=== RECORDS TO PROCESS ===
* * *

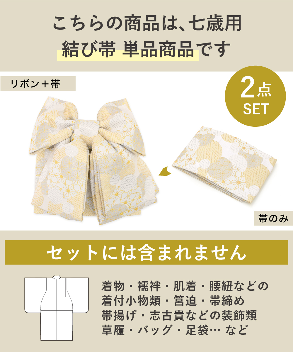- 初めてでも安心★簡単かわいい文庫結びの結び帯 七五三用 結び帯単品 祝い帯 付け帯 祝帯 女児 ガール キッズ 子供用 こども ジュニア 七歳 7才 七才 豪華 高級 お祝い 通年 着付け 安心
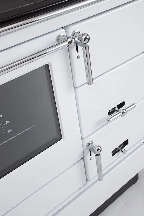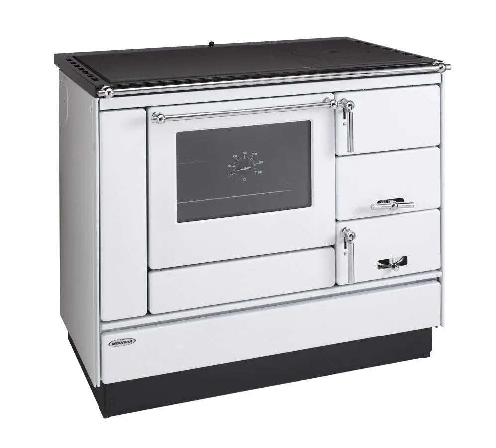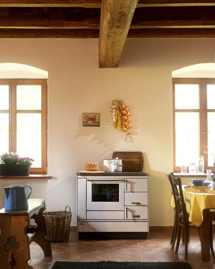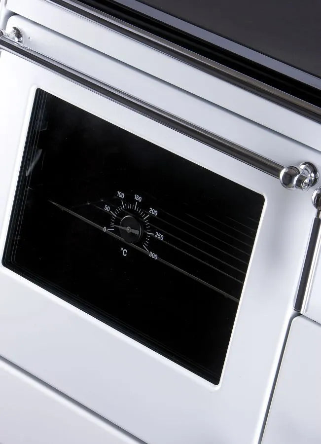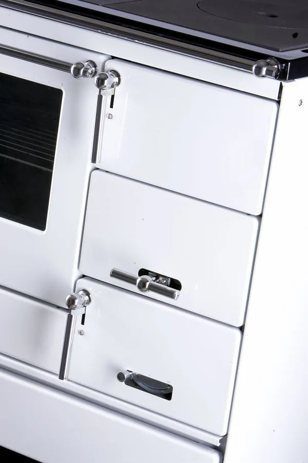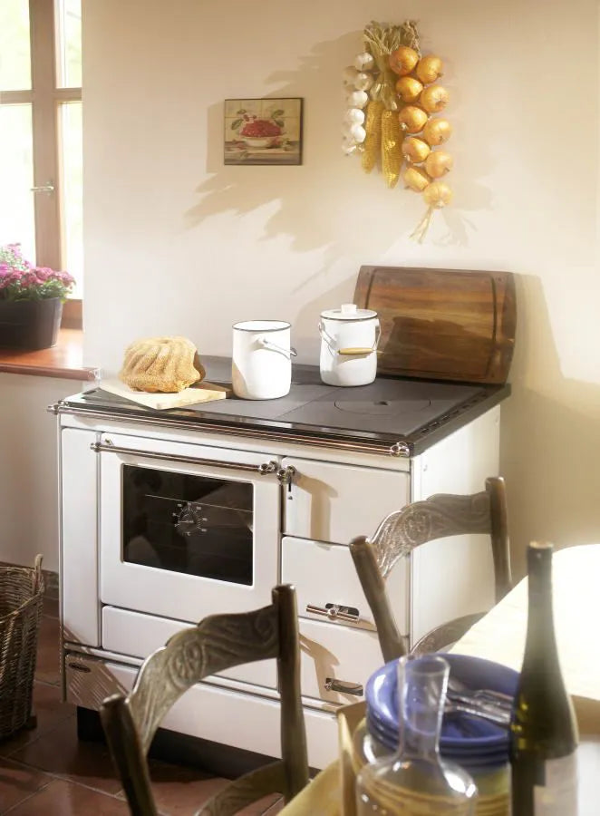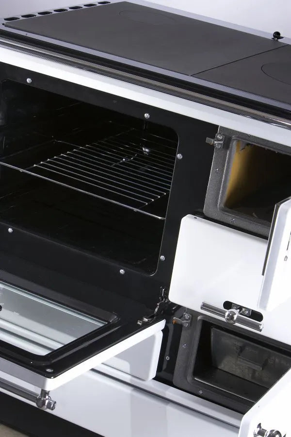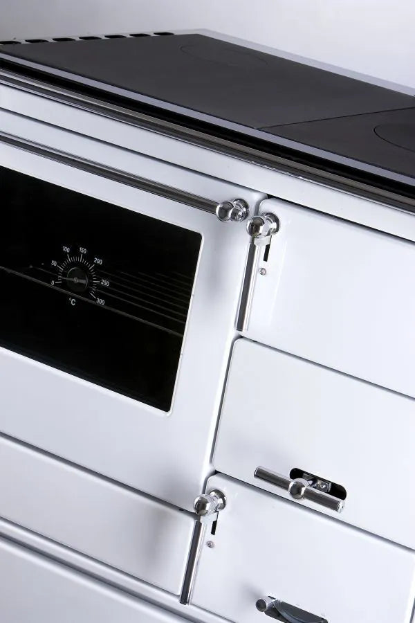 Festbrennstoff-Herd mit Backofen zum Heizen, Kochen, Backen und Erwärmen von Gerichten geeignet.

* * *

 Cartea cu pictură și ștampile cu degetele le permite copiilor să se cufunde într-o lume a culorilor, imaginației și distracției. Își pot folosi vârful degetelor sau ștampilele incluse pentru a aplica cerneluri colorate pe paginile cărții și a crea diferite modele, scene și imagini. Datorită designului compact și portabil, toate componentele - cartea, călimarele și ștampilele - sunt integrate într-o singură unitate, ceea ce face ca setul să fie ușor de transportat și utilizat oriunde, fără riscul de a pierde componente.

* * *

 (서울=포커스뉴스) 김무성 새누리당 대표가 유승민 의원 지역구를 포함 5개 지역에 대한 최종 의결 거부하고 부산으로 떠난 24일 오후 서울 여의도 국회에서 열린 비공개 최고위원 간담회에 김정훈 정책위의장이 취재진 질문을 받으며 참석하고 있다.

* * *

Repeat only the stretch of data above that runs from the line with "- 初めてでも安心★簡単かわいい文庫結びの結び帯 七五三用" to the line with "Festbrennstoff-Herd mit Backofen". Keep both end lines; exclude pictures.

- 初めてでも安心★簡単かわいい文庫結びの結び帯 七五三用 結び帯単品 祝い帯 付け帯 祝帯 女児 ガール キッズ 子供用 こども ジュニア 七歳 7才 七才 豪華 高級 お祝い 通年 着付け 安心
 Festbrennstoff-Herd mit Backofen zum Heizen, Kochen, Backen und Erwärmen von Gerichten geeignet.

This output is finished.